GOOD TIME PARTY GIRL is a self-reflexive work of sorts: penned by POPULAR HOME magazine editor Robert Dougherty, it’s a recounting of “The Notorious Life of Dirty Helen Cromwell”, straight from her mouth, according to Robert.
Dirty Helen Cromwell (Helen, from here on forth), was — for some time — a Milwaukee fixture from the Prohibition age. While she was reluctant to lay down roots anywhere, she did find a home in Milwaukee with her boozy outpost THE SUN FLOWER INN, which is where Robert first met Helen.
What follows is Robert jotting down Helen recalling a good forty years of ‘good times’ as a self-proclaimed ‘woman of pleasure’. In other words: a sex worker. There’s a moment where she wishes that the term ‘call girl’ was popular in her time.
The tales recalled in GOOD TIME PARTY GIRL are certainly those of a willful, self-possessed woman, one who isn’t a skin-flint, but values what remains in one’s pocket, while still living a remarkable life, one the that included all sorts of fashionable dovetailing, as well as shoulder-rubbing with Al Capone.
“My advice is not to accept initiations to these cruises if you aren’t prepared for certain eventualities.”
That’s about as dark as Helen deigned herself to deal with, but as one dives deeper into GOOD TIME PARTY GIRL and reads about the litany of dead husbands, and the brave face she plastered on, the harder the read becomes.
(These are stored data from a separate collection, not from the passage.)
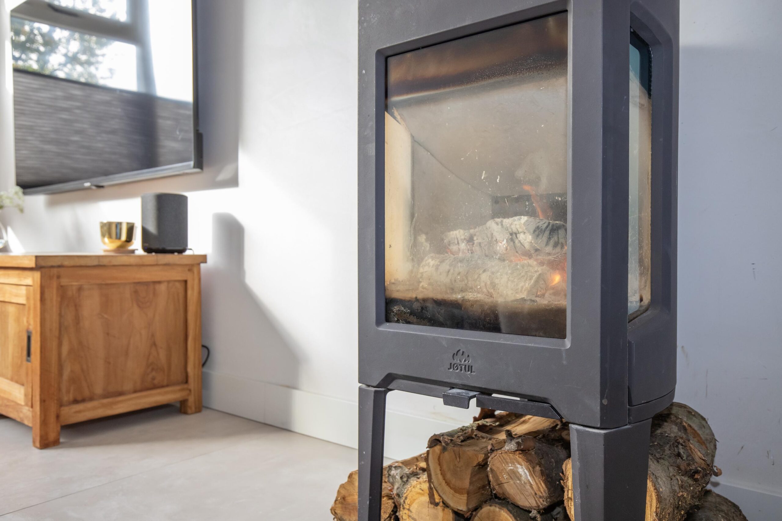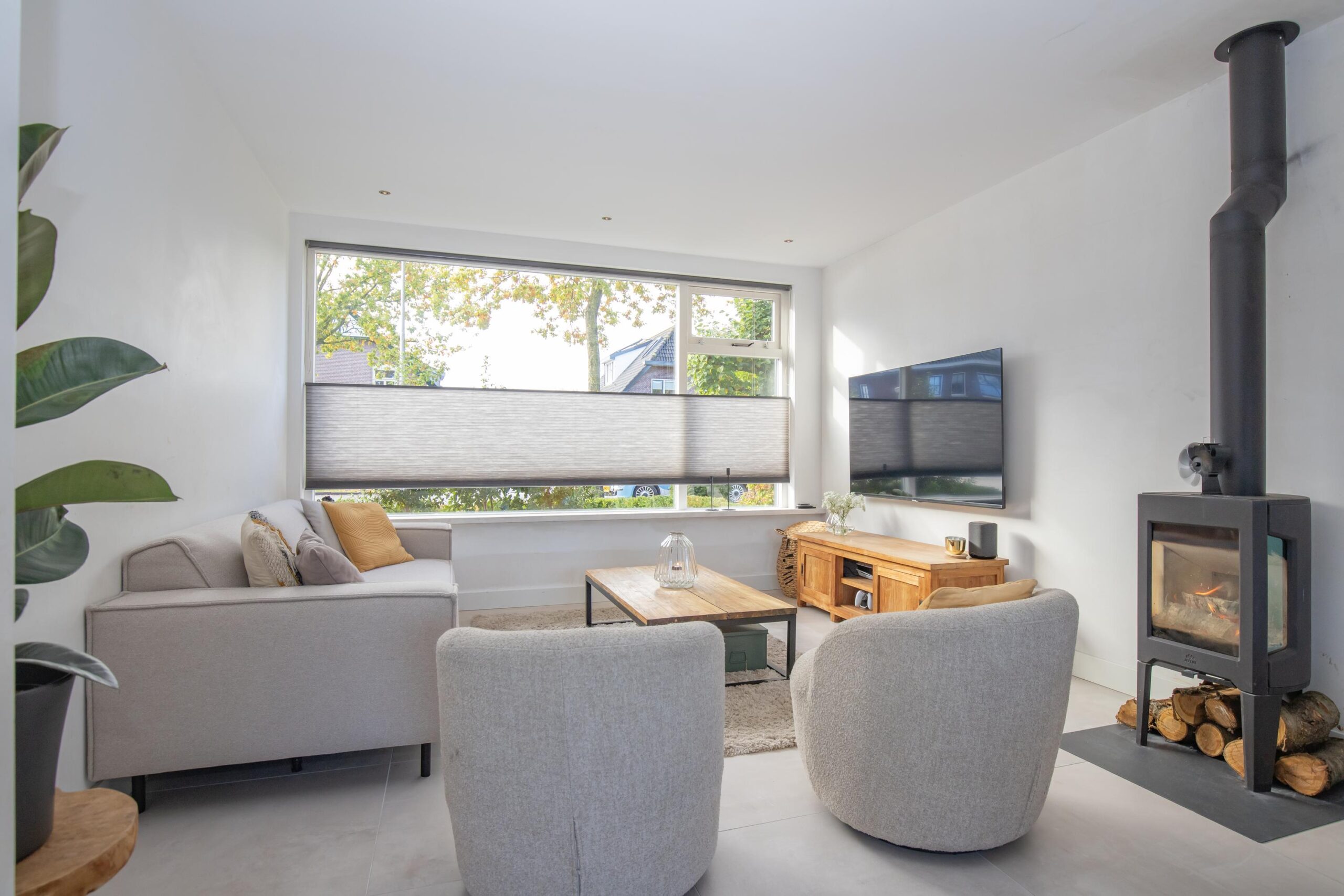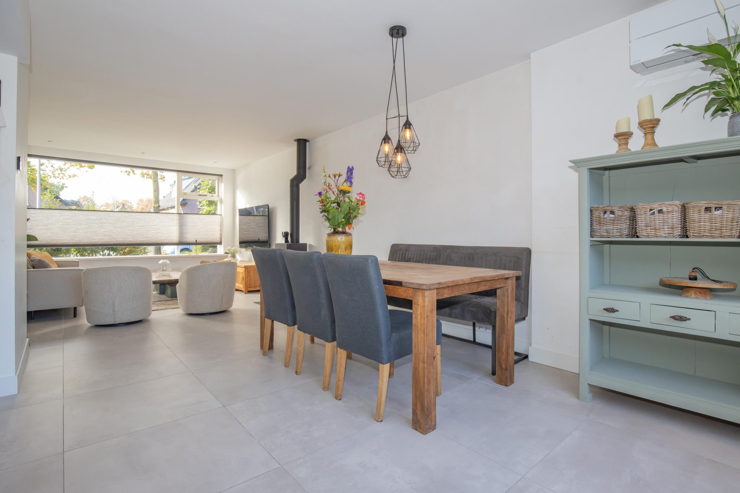 Via de hal met trapopgang en toiletruimte komt u in de sfeervolle woonkamer aan de voorzijde. Grote raampartijen zorgen voor een prachtige lichtinval, terwijl de houtkachel direct zorgt voor een warme, huiselijke sfeer. De tuingerichte woonkeuken vormt het hart van het huis: een moderne rechte opstelling met veel werkruimte, lades, inbouwapparatuur en plek voor een royale eettafel. Hier kookt u met plezier en dineert u met uitzicht op de tuin.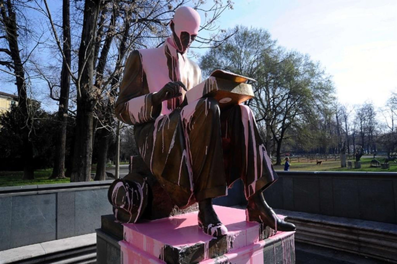 Certo, la pratica di imbrattare – o menomare – statue è arte antica, violenta o ironica. I Buddha di Bayman abbattuti dai talebani, le statue mariane distrutte nelle chiese francesi, le effigi di Cristoforo Colombo decapitate o ricoperte di sangue durante i Columbus Day, le centinaia di statue di Marx e Lenin rovesciate in tutta l’ex Unione Sovietica dopo il 1989. Ma anche le simpatiche coloriture da Capitan America, Ronald Mc Donald, Superman e Santa Claus dei soldati sovietici ritratti nel monumento celebrativo a Sofia, fino alla Sirenetta di Copenaghen imbrattata di rosso per ricordare la sanguinosa caccia alle balene.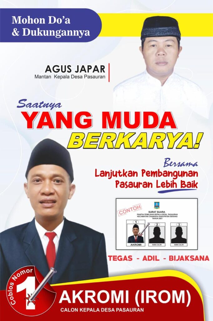 Calon Kepala Desa Pasauran, Kecamatan Cinangka, Kabupaten Serang, Banten, Akromi, yang akrab disapa Irom, ini akan berkarya dalam pembangunan desa jika ia terpilih sebagai Kades Pasauran periode 2021-2026 yang akan datang.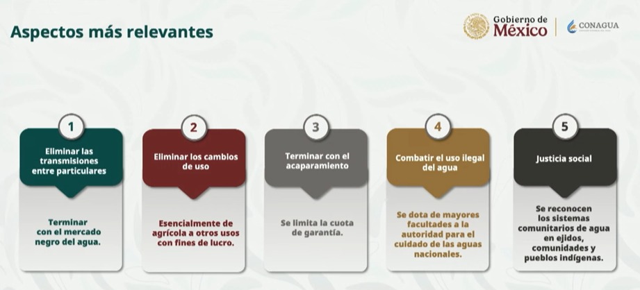 Uno de los cambios más relevantes es la eliminación de las transmisiones de concesiones, mecanismo que permitió la creación de un mercado paralelo del agua. “La nueva ley elimina las transmisiones entre particulares, lo que permite terminar con el mercado negro del agua”, explicó el funcionario.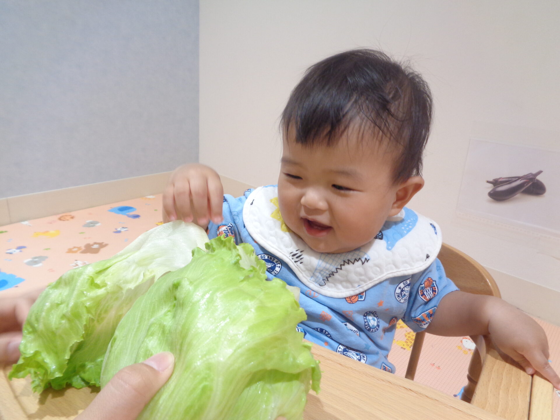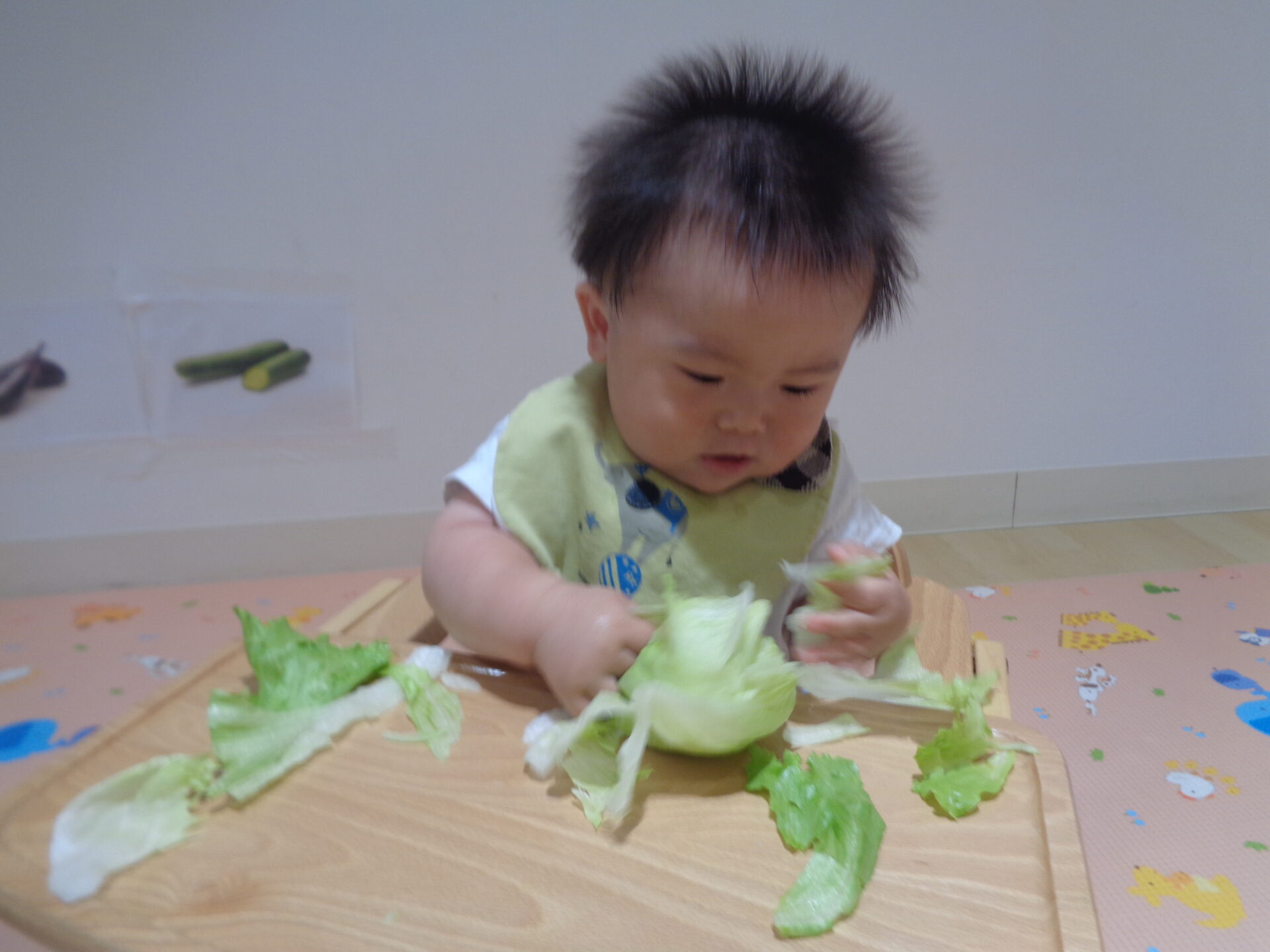 またレタスを触った時に”パリッ””シャキッ”と音が鳴るのが、楽しかったようで、音が鳴るたびに、嬉しそうでした✨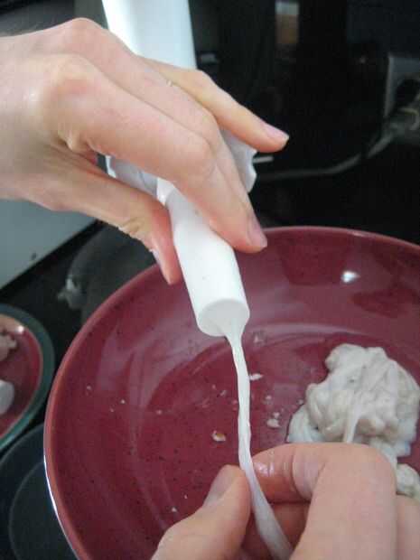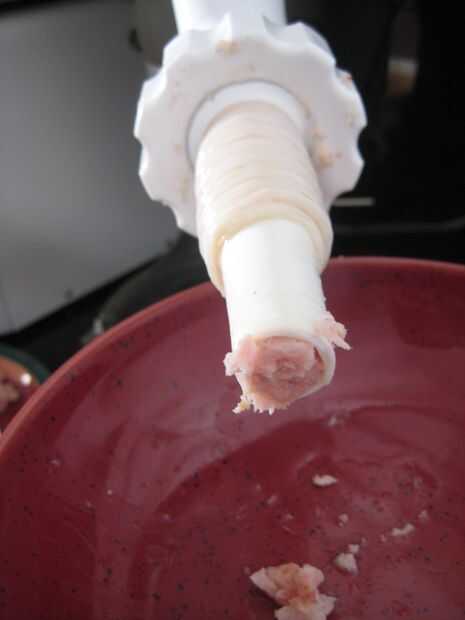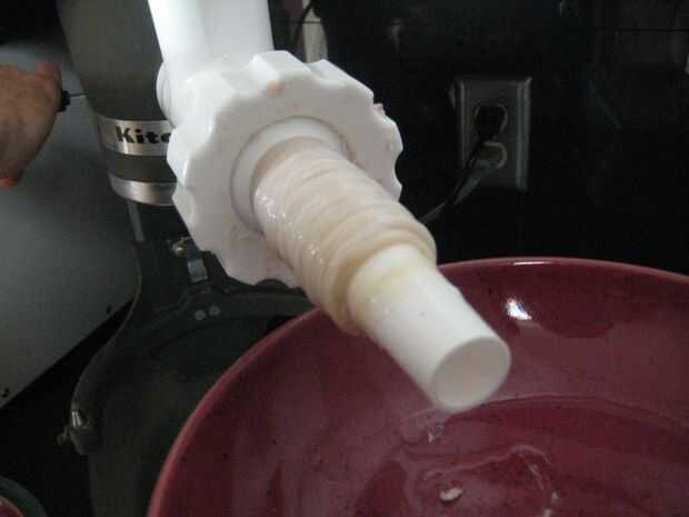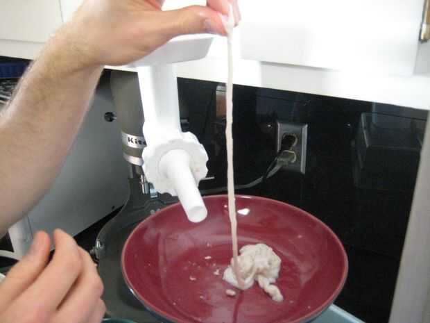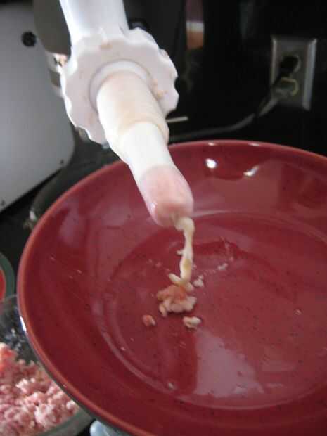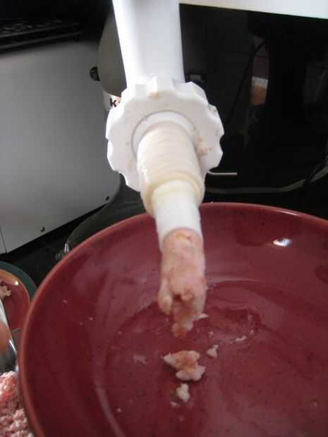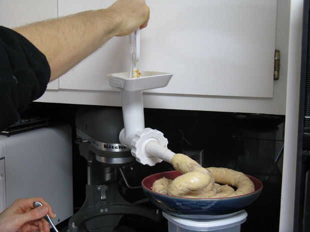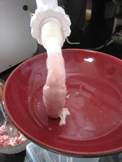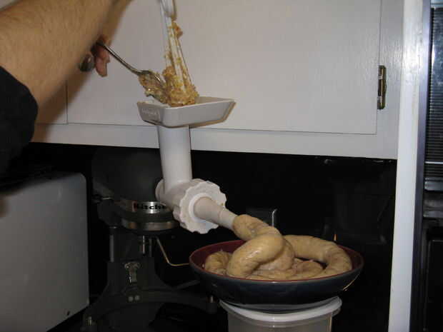 Con el todos los ingredientes mezclados, es hora de empezar a hacer embutidos. Quitar las tripas de su baño, cargarlos en el estirador en el aditamento de molino de carne para la batidora Kitchen Aid y enciende la cosa!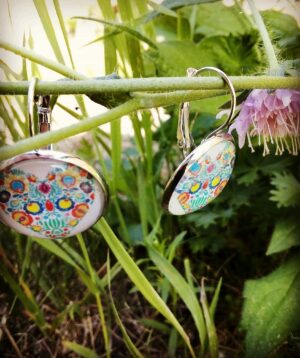 Autorská kresba na motivy českého folkloru ožívá ve třpytu náušniček.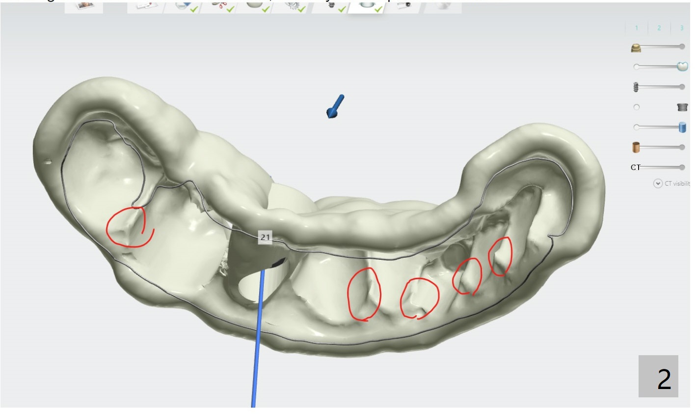 Q: To place an implant at #21 (narrow space), you advises me to trim the mesial surface of the tooth #20 (see the 1st attachment). I did, but I do not know how much to trim. As a matter of fact, deviation occurs (2nd attachment), although immediate restoration is just fine. Ever time we need to make trimming, deviation occurs. In the future, I have to trim before CT and impression. Right? What else can we do? Thanks.And the reason of implant deviation towards distal is not because of we planned to adjust the mesial contact of #20. Adjusting the contact is only for guide insertion. Due to insufficient space for narrow metal sleeve, adjusting the mesial contact of #20 was suggested. When you look at the inner part of the surgical guide, those inner parts of interproximal are holding the guide steady during the osteotomy (Fig.2). Again, adjusting the contact does not mean that the whole guide will be shifted to that side, but only for the path of insertion.

This is a memoir/auto-bio where the absence of details are more damning than the inclusion; you can almost feel the hurt in certain eras of hers that she glosses over, ambiguous hurt that hits harder than when she discusses the death of one of her several husbands.
That said, yes, you do have to read in-between the lines for that. Otherwise, it’s a bold, brash tale of a bold and brash and gregariously singular woman who made her place in Milwaukee. That alone is reason enough to read her tale.